What is required:
Could you set down the listing below exactly, leaving out its pictures?

Recorded data:
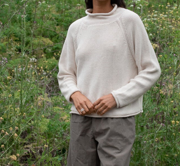This rollneck sweater was inspired by styles that are decades old and is a utility piece turned chic. It features delicate rolls at the wrists, neck, and waist, and is a mid-weight knit making it wearable in any temp.
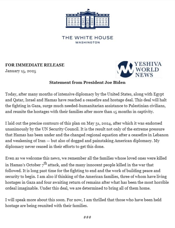 2:00PM ET: President Biden releases statement on Israel Hamas ceasefire agreement
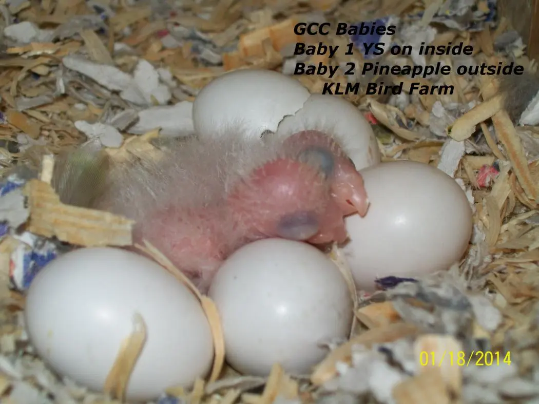 Hello all, I just joined the forum today. My wife and I had a Sun Conure for several years until his passing last March. We have been bird-less since. I am 31 and I started having medical problems this past year. I now work from home and thought how great it would be to have a companion. Just before Christmas, I started looking at different breeders and also for just the right bird. I finally decided a pineapple GC would be perfect for me. On December 26, I found a local breeder on birdbreeders.com. I sent them an email and was delighted to here that they indeed did have a mating pair. Only days later, I was told that the first egg had been laid. I waited anxiously until the first bird hatched on January 18. My wife and I stopped by the other day and we got to meet our new baby. We still have about 4 weeks, I think, before she is ready to come home. I am very ready at this point. Our last minute toys and food items just arrived today. Now we wait...........

Answer to this exercise:
This rollneck sweater was inspired by styles that are decades old and is a utility piece turned chic. It features delicate rolls at the wrists, neck, and waist, and is a mid-weight knit making it wearable in any temp.
 2:00PM ET: President Biden releases statement on Israel Hamas ceasefire agreement
 Hello all, I just joined the forum today. My wife and I had a Sun Conure for several years until his passing last March. We have been bird-less since. I am 31 and I started having medical problems this past year. I now work from home and thought how great it would be to have a companion. Just before Christmas, I started looking at different breeders and also for just the right bird. I finally decided a pineapple GC would be perfect for me. On December 26, I found a local breeder on birdbreeders.com. I sent them an email and was delighted to here that they indeed did have a mating pair. Only days later, I was told that the first egg had been laid. I waited anxiously until the first bird hatched on January 18. My wife and I stopped by the other day and we got to meet our new baby. We still have about 4 weeks, I think, before she is ready to come home. I am very ready at this point. Our last minute toys and food items just arrived today. Now we wait...........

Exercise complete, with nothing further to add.